Here is what Marc Flashberg – the “other” half of the Marc Allison Jeans – explains about the importance of having a denim wash done right:
” When I begin a conversation on what makes a premium jean invariably I begin with fabric.
But there is so much more that goes into manufacturing a quality denim. After fabric wash is key. Unless one has been to a wash house it is difficult to comprehend why washing a garment is so expensive. The amount of labor that goes into washing one pair of jeans is intensive. When one sees sanding on a jean it is done by hand. The process of making holes is also done by an individual. It is a long arduous process, and when the wash house is producing 10,000 jeans for a department store they better look almost exact or they are coming back. If one cuts corners to save money in washing it can adversely affect the appearance of the jean.

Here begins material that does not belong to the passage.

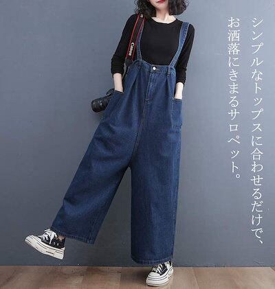 サロペット デニム ボトムス レディース ワイドパンツ デニム ロングパンツ 大きいサイズ ロング丈 オールインワン パンツ オーバーオール 体型バー ゆったり 着痩せ ポケット付き 通勤 通学 20

Lets go back to fabric for a minute. Most traditional denim is a three by one twill, see below. To get a little technical, the length yarns (warp) are dyed indigo, and the width yarns (weft) are left natural.
This is a picture of the back of a fabric. Notice the bottom row, the white (width) there are three yarns up and one under which gives us a 3X1 twill. So on the body side of ones jean it will be predominately white, but if you look at the front of the jean the majority of the color, indigo, will be seen. This is called yarn dying. Each individual yarn is dyed before the fabric is made. The alternative is piece dying. This is when there are only natural yarns in a fabric, both warp and weft. This is a less expensive way to manufacture fabric. The fabric can then be dyed into a color in fabric form, or made into a garment and then dyed into a color. This process is called garment dying.
Which brings us to Marc Allison Jeans; most manufactures, including premium jean manufactures will garment dye jeans. It is cost affective. The jean company can produce thousands of jeans, and keep them in natural. The sales staff can show a multitude of colors to the retailers, and based on the orders the company can dye the natural garment into the colors sold with out worry of inventory. Though this is good for the company, in my opinion it is not ideal for the consumer.
When jeans are garment dyed the color looks flat, and boring. There is no character to the jean.
I prefer a technique we use, and though it is very expensive, it gives life to a Marc Allison Jean. First the indigo is dyed on the yarn (dye #1). In the final process of dying we add a sulfur black on top of the indigo (dye #2). We then manufacture a dark denim jean. The garment is brought to the wash house, and a percentage of that beautiful indigo is bleached down to give a blotchy look to the wash. This is followed by dying a color (browns, burgundies, greens, etc) on the garment (dye #3). The end result is a beautiful three dimensional look to a garment. As mentioned before most premium jean companies won’t use this process due to cost. At Marc Allison Jeans cost is never a factor.”